Your instructions ->
In the entries that follow, repeat exactly the lines from the one that has "La actriz Halle" through the one that has "Part of our", but omit pictures.
- - -
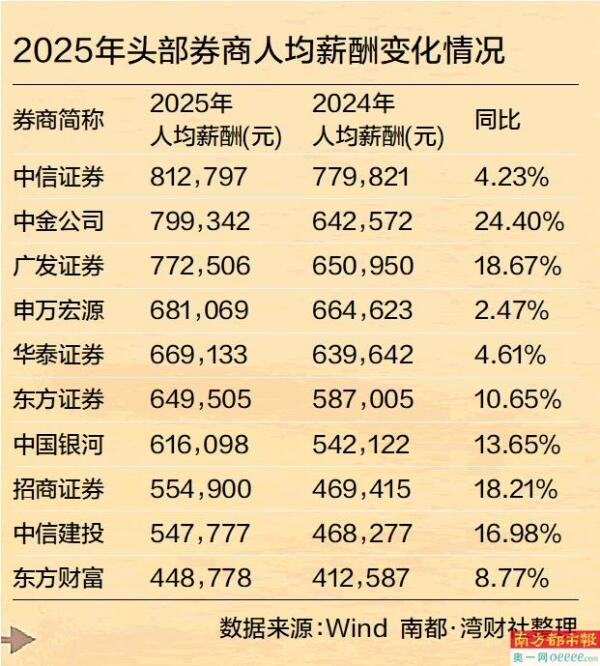 南都湾财社结合Wind及公司公告数据,对中信证券、中金公司、广发证券、华泰证券、申万宏源、中信建投、招商证券、东方证券、中国银河等多家头部机构进行梳理后发现,在市场交投回暖、业务结构持续优化的背景下,头部券商人均薪酬呈现全面同比增长态势,多数机构实现两位数增幅,行业整体薪酬水平重回上行通道。
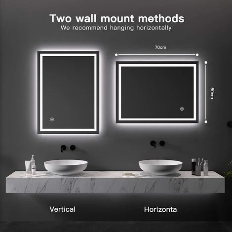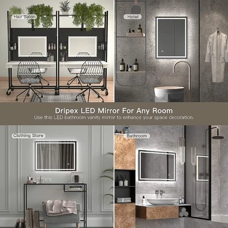 INSTALLATION VERTICALE/HORIZONTALE. Le miroir de salle de bain Dripex peut être accroché dans 2 directions, 50 x 70 cm ou 70 x 50 cm. Ce miroir de salle de bain peut être rapidement fixé au mur. Les accessoires de montage nécessaires.
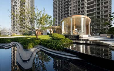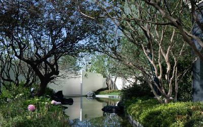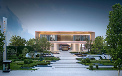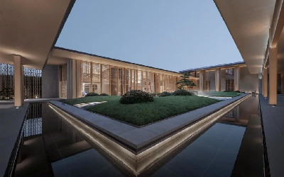 示范区位于项目地块南侧,前期作为“去销售化”铂金会所供销售使用,后期作为供业主使用的艺术会所,寻求一种宁静淡雅的建筑体验。何为静,上善若水是为心之静,去繁就简为物之静。
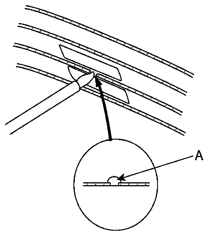 3. Using a small brush, apply a heavy coat of silver conductive paint (A) extending about 1/83" on both sides of the break. Allow 30 minutes to dry.
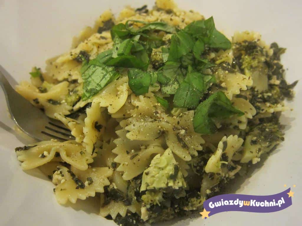 Wymieszać makaron ze szpinakowym pesto, jeśli jest za suche to dodać odrobinę wody z gotowania makaronu. Po wierzchu posypać pozostałym parmezanem.
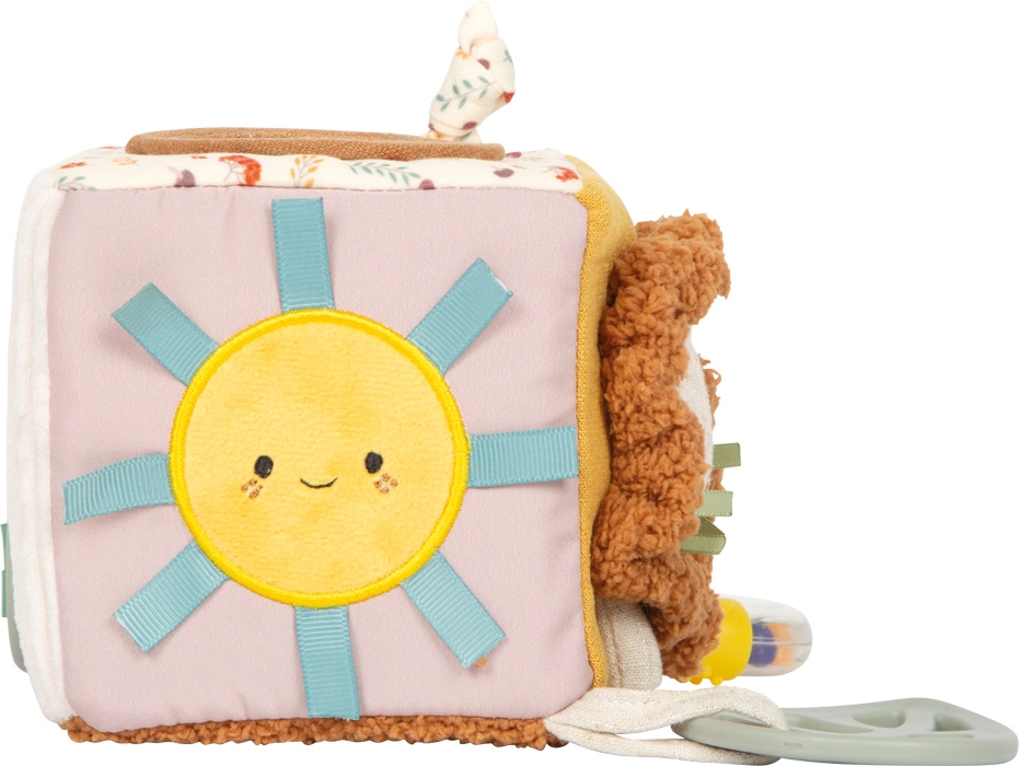 Odkrywaj świat zmysłów z tą miękką, aktywizującą kostką dla niemowląt z sympatycznym lwiątkiem. Oferuje szeleszczące elementy, dzwoneczek, grzechotkę i gryzak dla zabawy i ukojenia, rozwija małą motorykę, dotyk i słuch. Dzięki praktycznej pętli łatwo przymocujesz ją do wózka lub fotelika samochodowego. Miękkie wypełnienie i kompaktowy kształt zapewniają bezpieczną i przyjemną zabawę już od urodzenia.
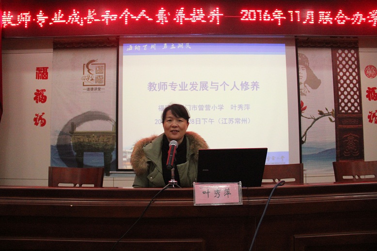 本次联合办学的第二项活动与每周一的“相约星期一”校本培训整合,由厦门曾营小学叶秀萍校长给大家带来了《教师专业发展和个人素养提升》的专题讲座。叶秀萍校长从愿景、阅读、磨课、科研、培训五大方面阐述了教师在专业发展和个人素养提升方面的明确的规划和有效的行动,她结合自己的专业成长的经历生动地再现了作为一名教育者孜孜不倦的追求。全体老师在感受叶校长的专业精神和教育境界同时也是对自身教育追求和教育行为的叩问和反思。
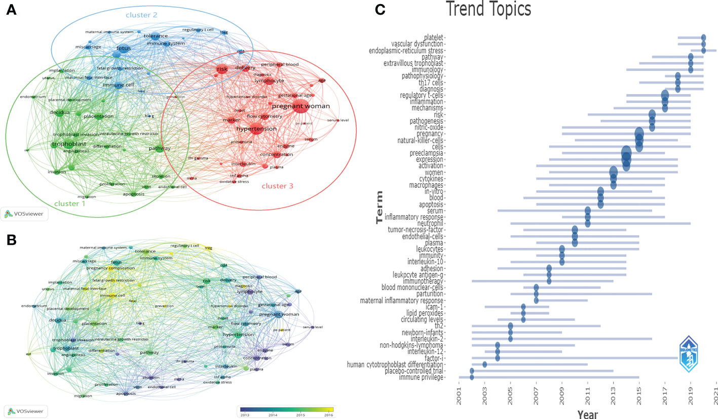 From the 2,388 published records, we could extract 41,716 keywords. The keywords with more than 100 occurrences were divided into three clusters by co-occurrence analysis, which facilitated a systematic understanding between keywords in the field (Figure 8A). The three most frequently used keywords in the three clusters were “pregnant woman”, “trophoblast” and “fetus”. Cluster 1, the study focuses on immune cell changes in the maternal decidua during trophoblast invasion. migration, apoptosis, vitro, endothelial cell, proliferation, secretion, invasion, pathway differentiation, angiogenesis, trophoblast, trophoblast invasion, intrauterine growth restrictio, placentation, decidua, placental development, endometrium, uterus, and implantation are receiving increasing attention. Cluster 2, immune tolerance to semi-isogenic fetal antigens at the maternal-fetal interface is the main focus, including maternal immune system, miscarriage, fetus, fetal growth restriction, maternal fetal interface, immune cell, fetal, hlag, regulatory t cell, treg, cd4, tolerance, immune system. Cluster 3, “prenant woman” is the largest node, which focuses on clinical syndromes that occur in prenant women, with the main focus including oxidative stress, tnf alpha, interleukin, plasma concentration, enzyme, ifn gamma, mrna, serum, proteinuria, hypertension, marker, flow cytometry, pe patient, serum level, onset, pregnant women, hypertensive disorder, gestational disorder, and the clinical syndrome. hypertensive disorder, gestational age, age, lymphocyte, diagnosis, risk, delivery, peripheral blood, and prevention. This group of topics examines the changes and mechanisms of immune cells that cause maternal clinical syndrome. Figure 8B presents those keywords according to the average time of appearance. We could observe that immune cell changes at the maternal-fetal interface, such as treg, were still the hot topic in recent years. Figure 8C indicated the evolution of the keywords studied over time and duration. In the last 3 years, the impact of pathways related to regulatory t-cells, th17, and vascular dysfunction on the development of HDP and the prediction of disease progression have been studied. Future research is likely to remain focused on investigating the specific mechanisms of different immune cells in the maternal-fetal interface, and the translation of related research.
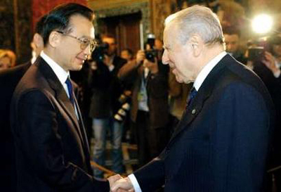 Chinese Prime Minister Wen Jiabao (L) shakes hands with Italian
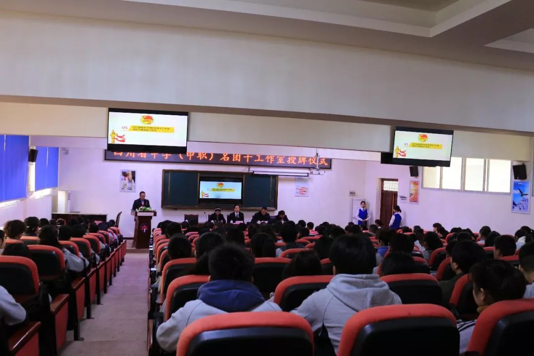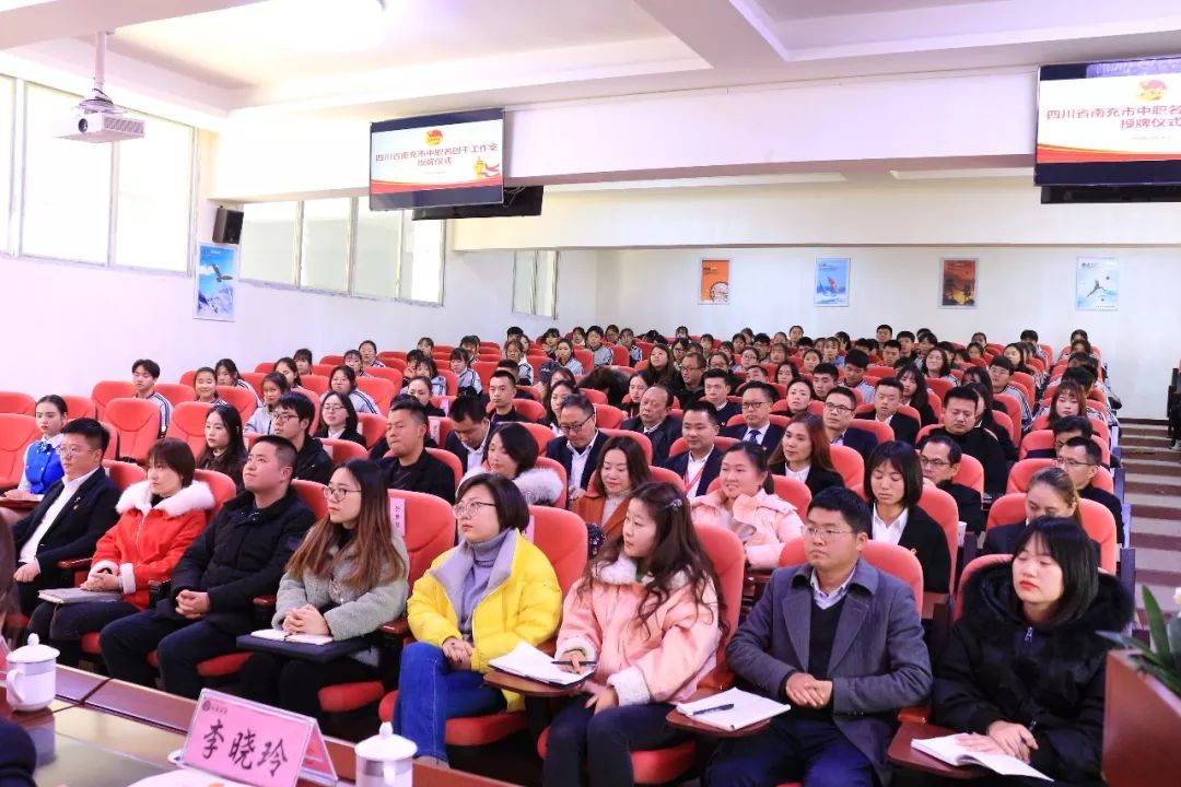 12月26日下午15:00,四川省南充市中职名团干工作室授牌仪式在四川省南充外国语中等专业学校多功能厅举行,共青团南充市委书记、工作室导师邓强;共青团南充市委副书记冯榛;泽英教育集团党委委员、南外校执行校长、工作室导师罗晓燕;党委委员、副校长李晓玲;四川省南充市中职名团干工作室领衔人、学校团委书记刘炼,四川省南充市中职名团干工作室全体成员出席授牌仪式,学校全体行政干部、团员代表、教职工代表参加了授牌仪式,授牌仪式由泽英教育集团党委书记、南外校副校长李泽政主持。
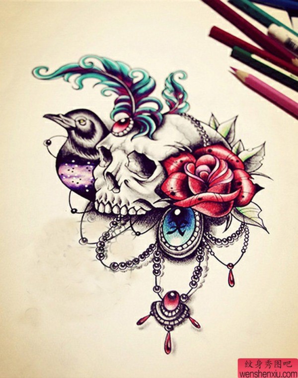 纹身图吧分享一张骷髅羽毛玫瑰花纹身手稿图案
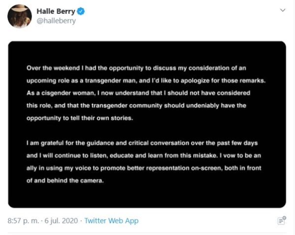La actriz Halle Berry renunció a interpretar a un transgénero para una película luego de la presión recibida en redes sociales. La cuestión comenzó durante una charla con la estilista Christin Brown en Instagram Live cuando Berry relató que le ofrecieron un personaje para una nueva película.
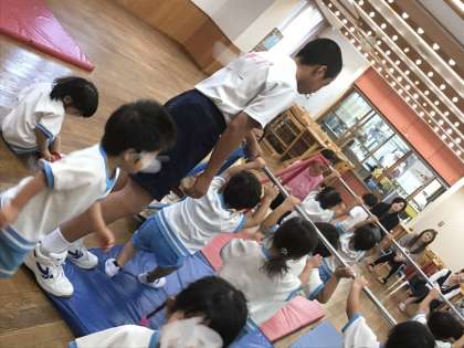 城東ちどり保育園で職場体験を行っています。園児たちと楽しく遊んでいます。
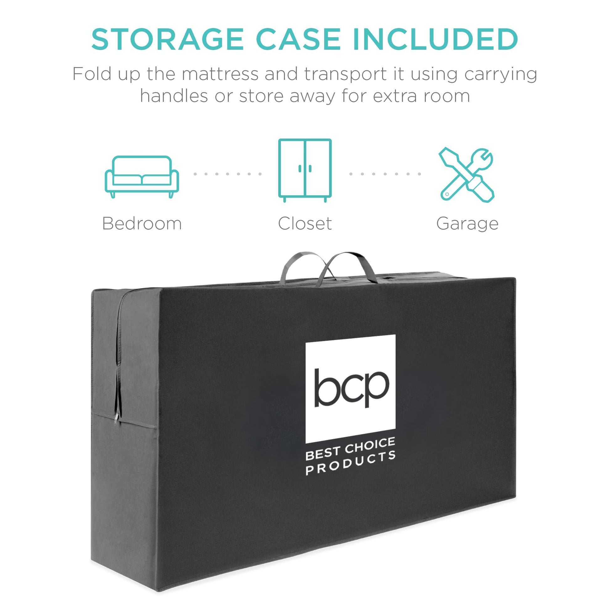 - PORTABLE AND SPACE-SAVING: Simply slip the included carrying case over the portable, tri-fold mattress and zip it up to keep it neat and secure while you travel
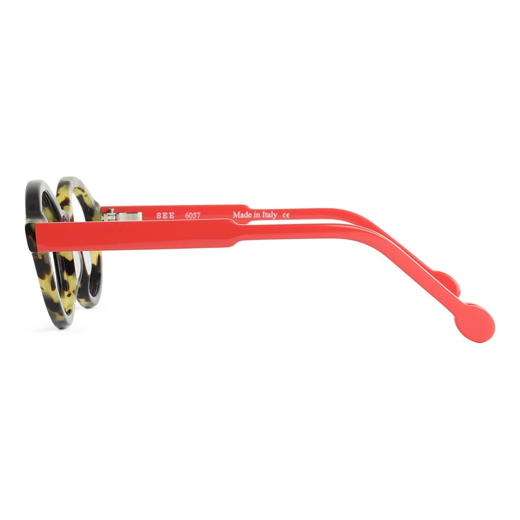 Part of our new Petite Collection, SEE 6057 brings the style in a fun-sized, Italian-made frame. Its funky take on a round shape, paired with an eclectic mix of torts and pop colors, makes this little number a real showstopper.
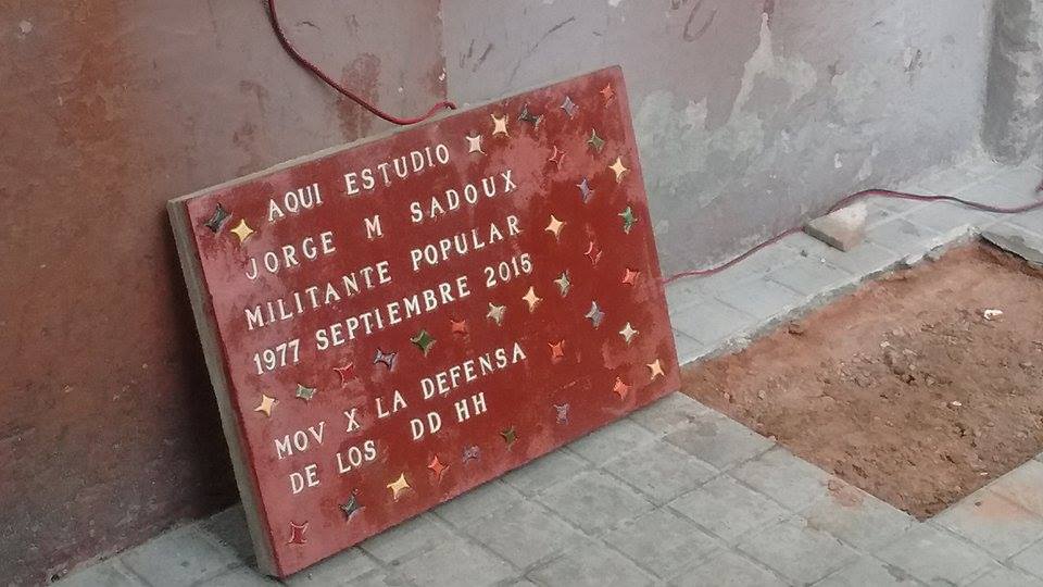 El SUTEBA Junín y la CTA de esa ciudad se hicieron presentes en el acto de colocación de una baldosa en memoria de Jorge Sadoux, militante detenido desaparecido durante la dictadura cívico militar. El homenaje se colocó frente a la Escuela de Educación Técnica Nº2, en la que realizó sus estudios secundarios.
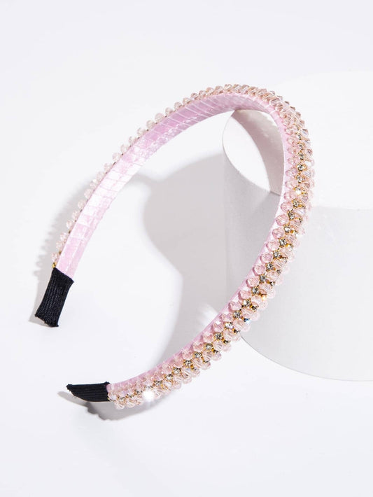 Hårbøjle med Glansfulde Perler - i Lyserød & Gylden
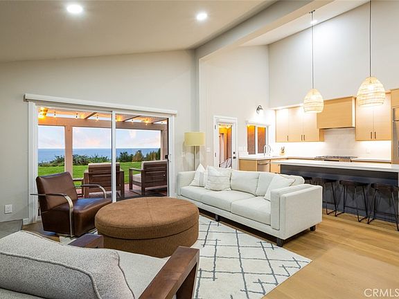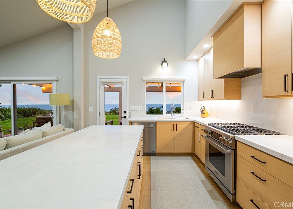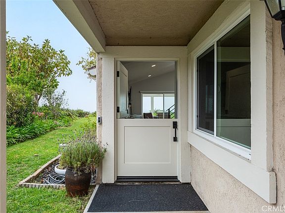 Perched on the highest street in the desirable Presidential Heights II neighborhood of Southeast San Clemente, this stunningly remodeled end-unit home offers panoramic ocean views and privacy at the end of a cul-de-sac. From the back patio, enjoy expansive vistas capturing Seal Rock, Catalina and San Clemente Islands, and dazzling California sunsets. Inside the custom dutch front door, the 1,799 SF open floor plan features vaulted ceilings, French wide-plank oak throughout the main level, and a main floor primary suite. The designer's kitchen looks to be straight out of a magazine with rift-cut oak cabinetry and custom hood, quartz countertops and backsplash, Dacor stainless appliances, and statement light fixtures. The primary suite has double closets that are fully built out with California Closets systems, maximizing storage. The en-suite has double sinks, backlit mirrors, and an updated walk-in shower. Upstairs are two generously sized bedrooms also with closet organization systems and a shared full bath with extra-deep tub. Other property features include a 2-car attached garage with Electrolux washer and dryer, custom water fountain on the back patio, natural gas connection for patio grill, custom window treatments, and so much more. Retreat in style in the most upgraded home in Presidential Heights II, a community with well-kept grounds and four pools and spas. All this located just 5 minutes from world-famous surf breaks and beaches, San Clemente's downtown shopping and dining scene, and halfway between San Diego and LA.
- - -
Output ->
La actriz Halle Berry renunció a interpretar a un transgénero para una película luego de la presión recibida en redes sociales. La cuestión comenzó durante una charla con la estilista Christin Brown en Instagram Live cuando Berry relató que le ofrecieron un personaje para una nueva película.
 城東ちどり保育園で職場体験を行っています。園児たちと楽しく遊んでいます。
 - PORTABLE AND SPACE-SAVING: Simply slip the included carrying case over the portable, tri-fold mattress and zip it up to keep it neat and secure while you travel
 Part of our new Petite Collection, SEE 6057 brings the style in a fun-sized, Italian-made frame. Its funky take on a round shape, paired with an eclectic mix of torts and pop colors, makes this little number a real showstopper.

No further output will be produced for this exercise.